A new study says it’s easy to be unlikable online.
The study, released Thursday, finds that a President’s online reputation can actually have a positive impact on his or her ability to get the job done.
“President Trump has been in office for less than four months, so the degree to which his or a presidential candidate’s online behavior is reflective of the President’s or a candidate’s overall public persona is not well understood,” study co-author and Northwestern University political scientist Matthew S. Breen told CNNMoney.
“What we know is that people are more likely to share content if the content reflects the President or a particular candidate’s public persona.”
That’s because we want people to feel like they’re in a position to respond, Breen said.
“We want them to feel that their responses are getting to them and that they’re doing the right thing.”
And that’s where online reputation is important, Brennan said.
People who share content are more likeable to other people, he said.
They’re less likely to engage in self-promotion, like trying to sell themselves.
And they’re less inclined to take things personally.
And so, the study found, Trump’s online popularity was negatively impacted by his perceived lack of likability.
The results of the study suggest that people who share negative content online are more prone to become less likable online, and that this effect can have positive effects on the President.
The researchers found that President Trump’s approval ratings dropped by 4% among voters with less than a 5% approval rating on his Facebook page, while his disapproval ratings dropped 6%.
But the negative impact on Trump’s ratings was much more pronounced among those with at least a 4% approval score on Facebook.
This was the case even when looking at the President on a scale of 0-5, with approval ratings dropping 5.4 percentage points.
“These results suggest that the negative effect on approval ratings of the low-approval Facebook users is not limited to approval ratings,” the researchers concluded.

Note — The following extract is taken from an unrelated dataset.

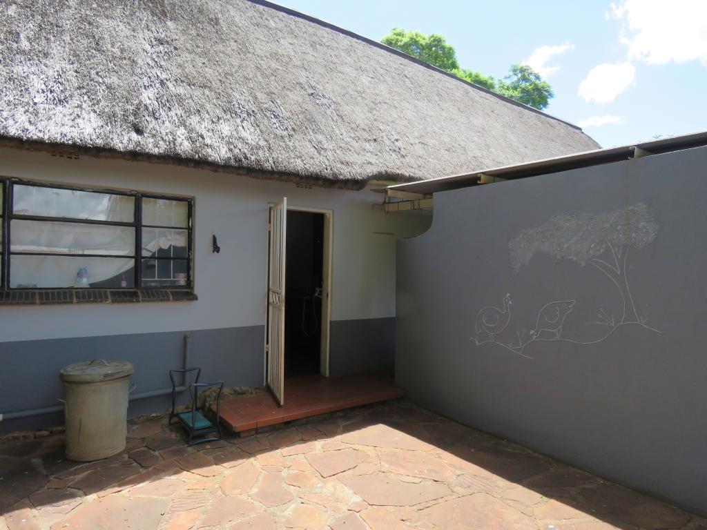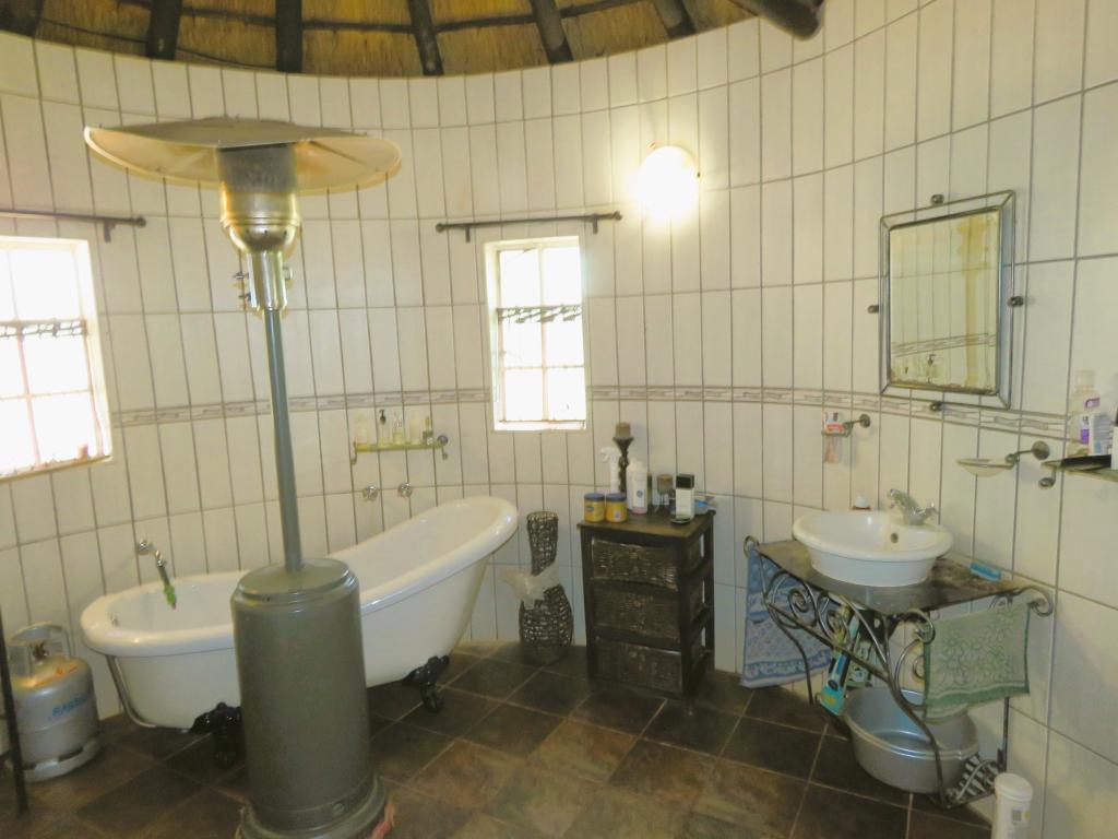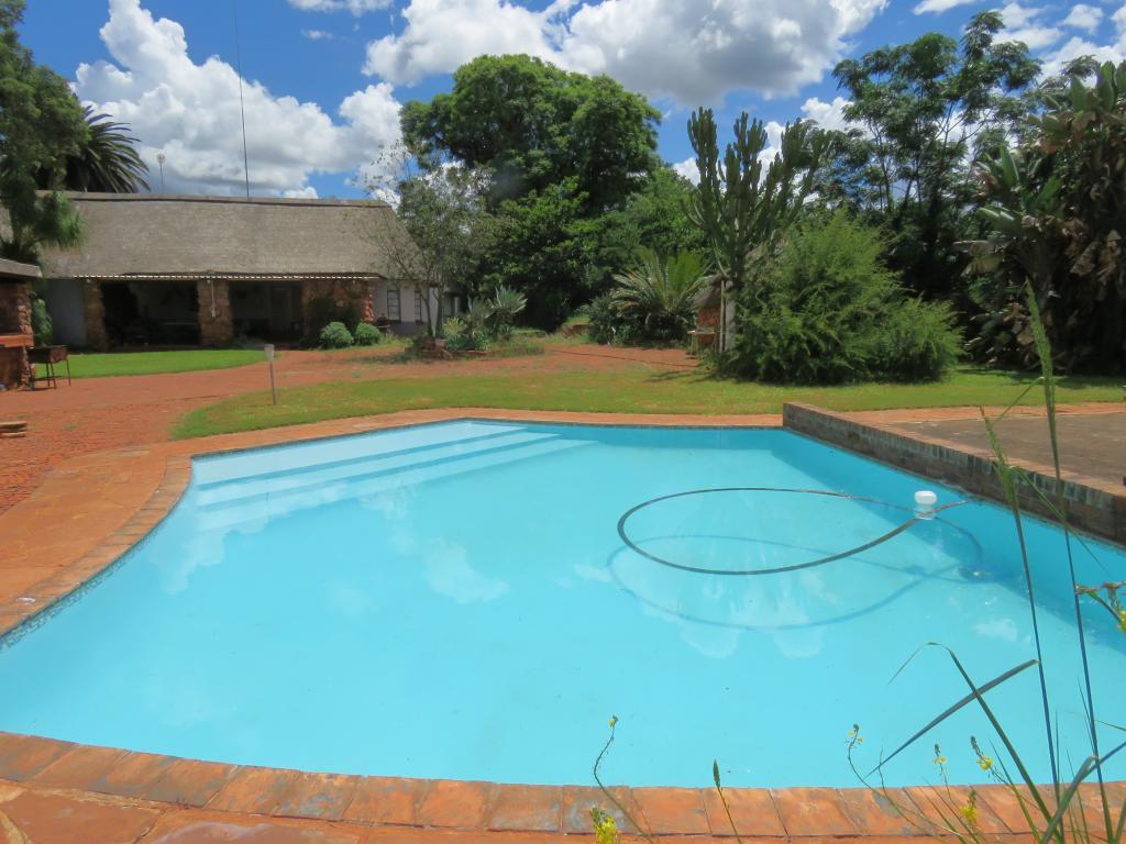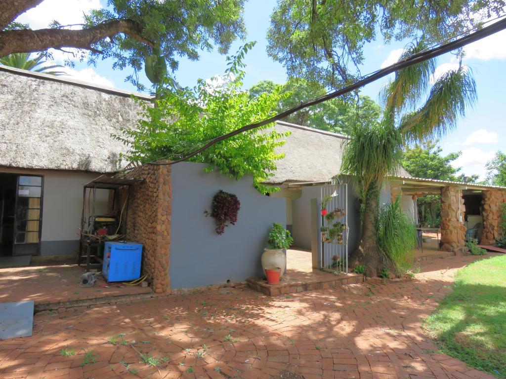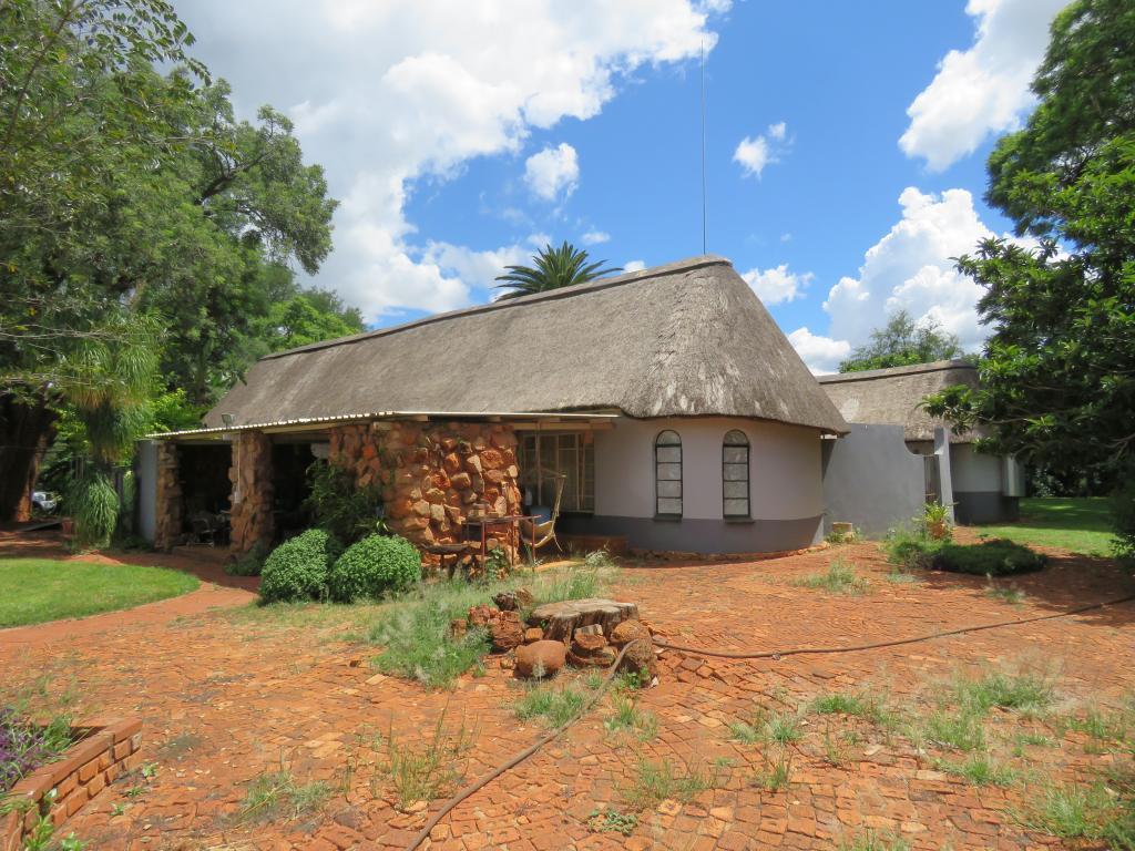 | Description: | Experience freedom and peace on this 12.8 ha piece of land. Main features: Bordering town area, the location is ideal. 16 Solar panels, 3 batteries and 8 KVA inverter for main house. Borehole provides for home and gardening purposes. Flowing gardens with irrigation. Cameras on premises, as well as security lights and outside beams. Other features outside: Cattle fence around property Swimming pool with pump Carport for 5 vehicles, and paved driveway. Garage or workshop (fits 6 vehicles) Large shed Water tank on stilts Outside room & bathroom Veld, camps and stable. Main house: Lovely, thatched roof house with large front stoep. Tiled floors Lounge and dining room Kitchen with electric stove, scullery and pantry Study 2 Bathrooms 2 Bedrooms. Master bedroom with change room, air conditioning and en suite. Stoep at the second entrance, with covered patio 1st Garden flat Open plan with space for bedroom, kitchenette and living area. Bathroom 2nd Garden flat Living area, kitchenette, bedroom and bathroom. Second entrance with garages. |
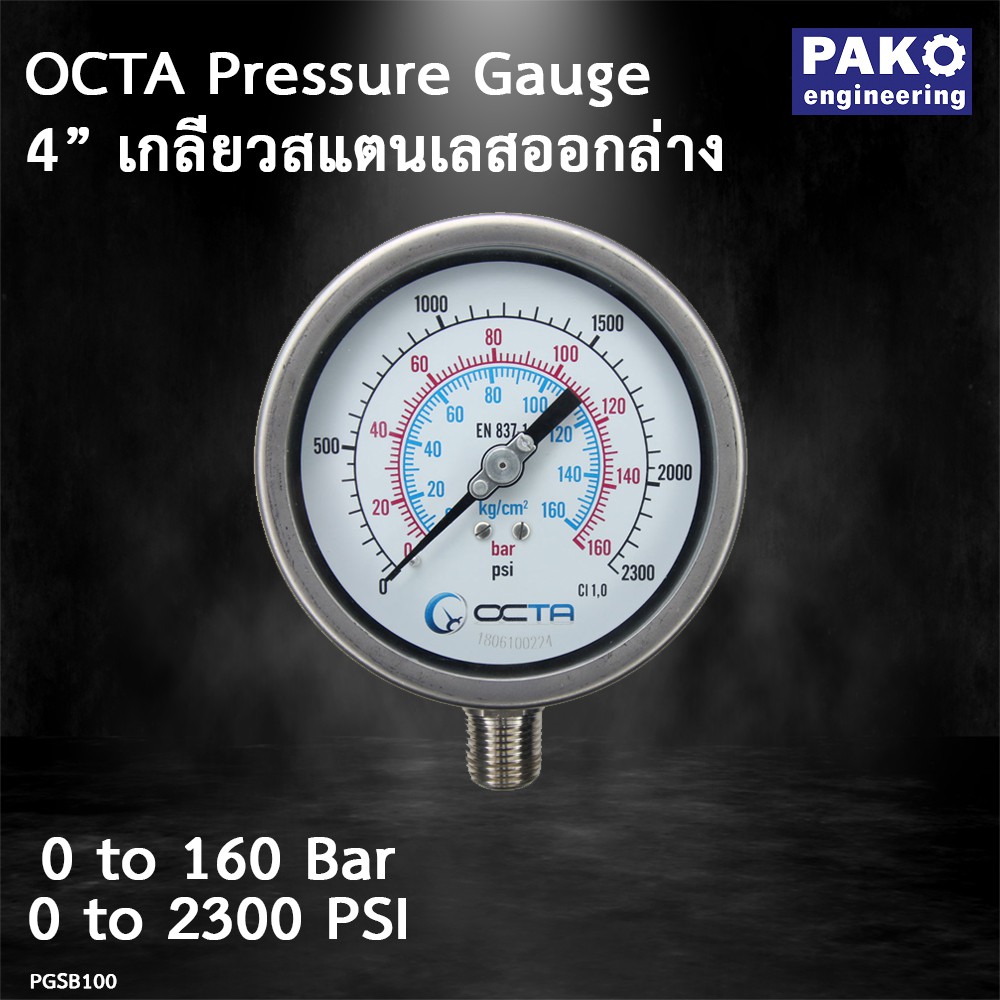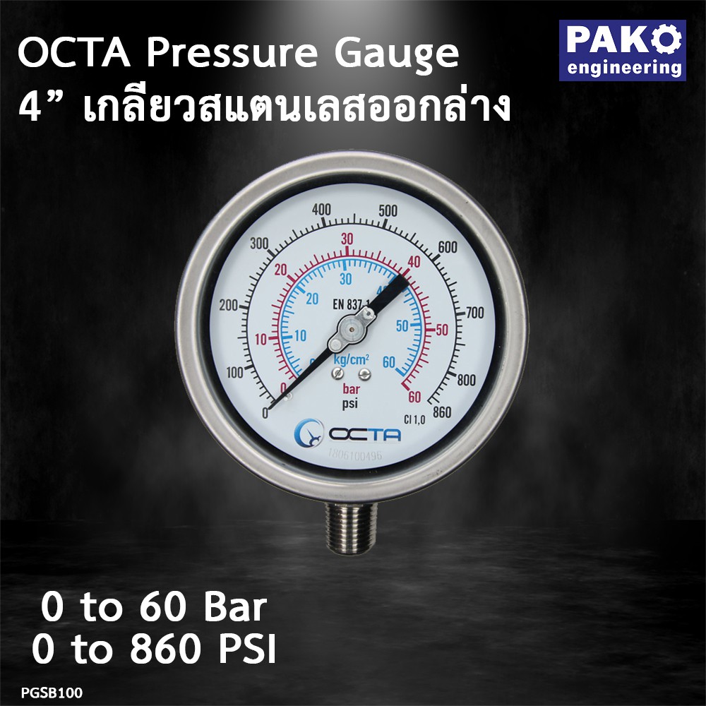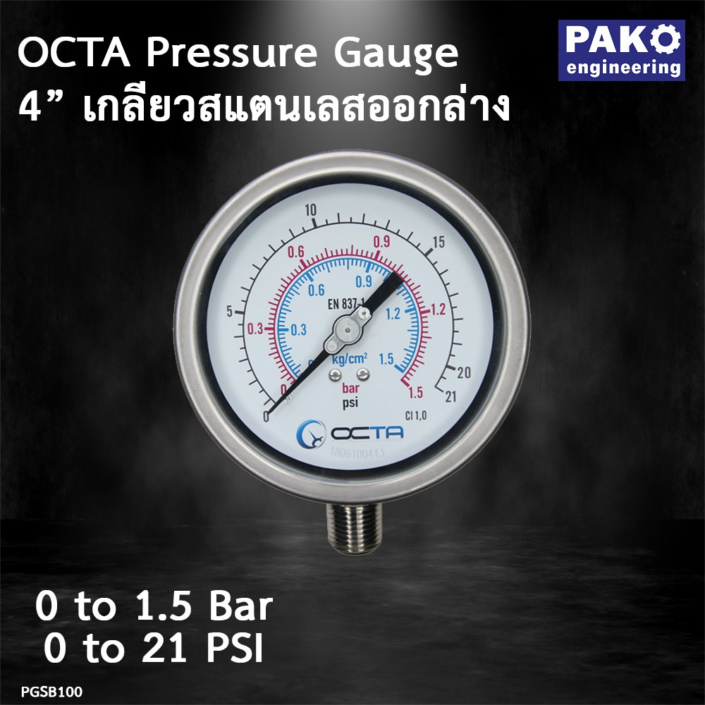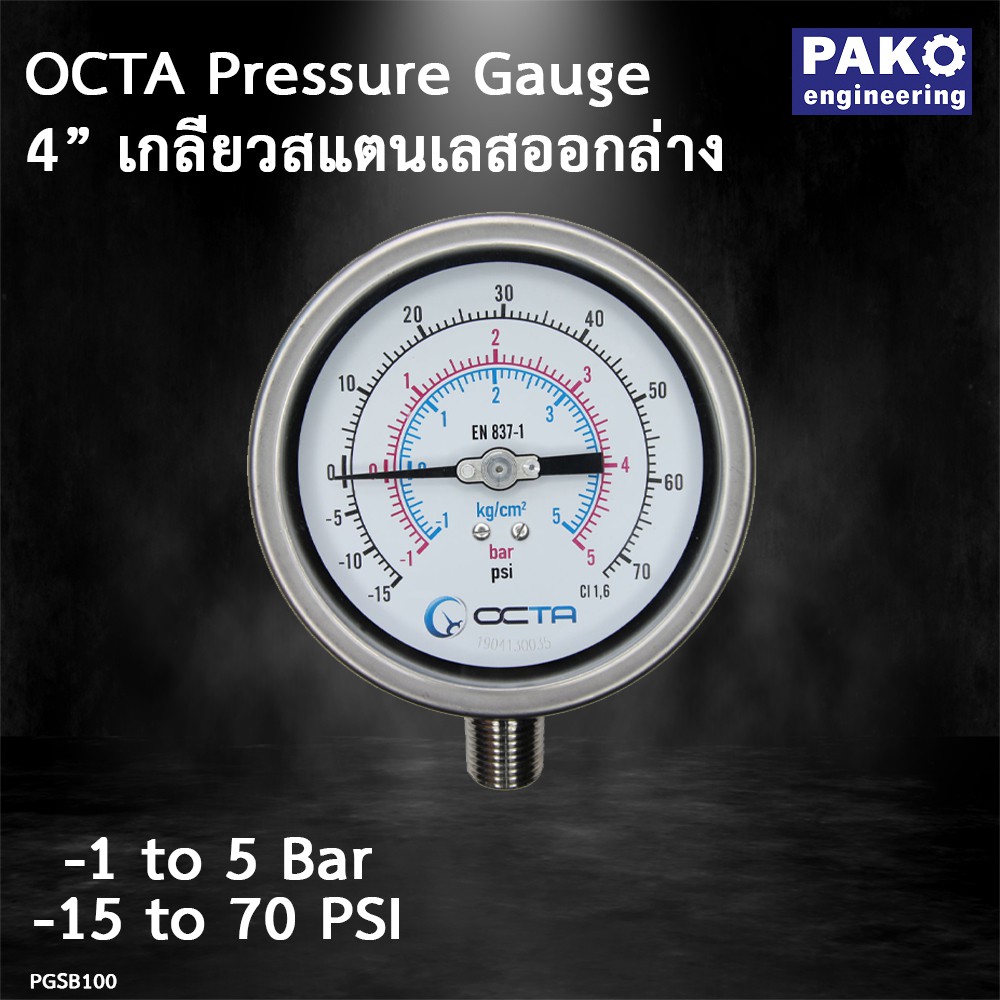 Pressure Gauge เกจวัดลม น้ำ สารเคมี ขนาด 4″ เกลียวสแตนเลสออกล่าง 1/2" NPT OCTA GS100 [ใบกำกับภาษี]

Brennan and his co-authors wrote that they were not surprised by the finding because they previously have found that negative online reactions can make people less likworthy.
“But the more we look at this, the more the idea that the effect is causal becomes more plausible,” Breen added.
“There are other possible explanations that might explain the findings.”
But the study did not specifically address the issue of whether President Trump was perceived to be unfriendly on social media, and whether his approval ratings were affected by his status as a candidate.
“That’s something that’s not clear,” Brenan said.
The authors also noted that their findings do not indicate that people will become more unfriendable or dislike Trump online if they’re perceived to share negative or negative content.
“The results are very general and are not specific to the Facebook network or the Twitter network, which are both more similar to the Internet,” Brannan said, adding that his team will continue to study how the President and his supporters are perceived online.
But Breen pointed out that even when people are perceived to have unfriended someone, that doesn’t mean that they’ll become unfrienders themselves.
“It’s not a self-fulfilling prophecy,” Brien said.
Instead, it’s possible that people’s negative opinions of President Trump can actually increase their likelihood to share positive content online, Brien added.
“It’s also possible that we’re seeing more positive and positive interactions in the online world because of the effect of negative content on a candidate or a party or a country,” Baren said.